The problem runs deeper than what America did and can do about Covid-19 alone. One advantage that other countries had as the pandemic began is stronger social safety nets, which guaranteed people would retain some income and health care even if a lockdown was needed. The US has no such guarantees — the programs that do exist are notoriously underfunded (hence Congress needing to boost unemployment insurance in its economic relief bills), and far from universal. So while British and German workers could rely on some significant government support even if they lost their jobs, Americans could claim no such certainty.
We see that today. Even as Congress nears a deal on economic relief, the truth is it’s already too late for many Americans. With much of the previous stimulus measure expiring, people who lost their jobs have languished for months with little to no support. And even if the new deal passes Congress (which is still uncertain), there will likely be a lag in actually rolling out those benefits to the people who need them, leading to more prolonged suffering. It could have been avoided if these kinds of benefits were permanent, or kicked in automatically if the economy begins to weaken, as government programs in other developed countries do.

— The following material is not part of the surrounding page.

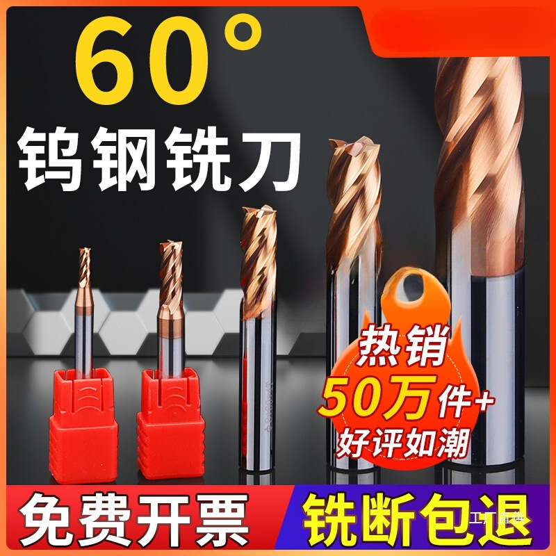 4枚刃超硬タングステン鋼エンドミル、4枚刃丸ノーズ延長キー溝CNC工具、55度平底2枚刃8極

That’s just one example. From building up the social safety net to actually funding public health infrastructure to reforming government so it’s more responsive, there’s a lot of work America could do to make sure it’s better equipped to handle crises as they come up. That won’t completely end the need for leadership in troubled times — European countries with large social safety nets have still passed additional economic relief measures — but it would put the US in a much better place.
It won’t be easy. It means committing to a more hands-on governing structure, costing us more in dollars and cents and forcing many Americans to rethink how they view the role of government.
But if Covid-19 has taught us anything, those changes are worth the cost. It begins with taking a structural, rather than individualistic, view of the problems facing the US today.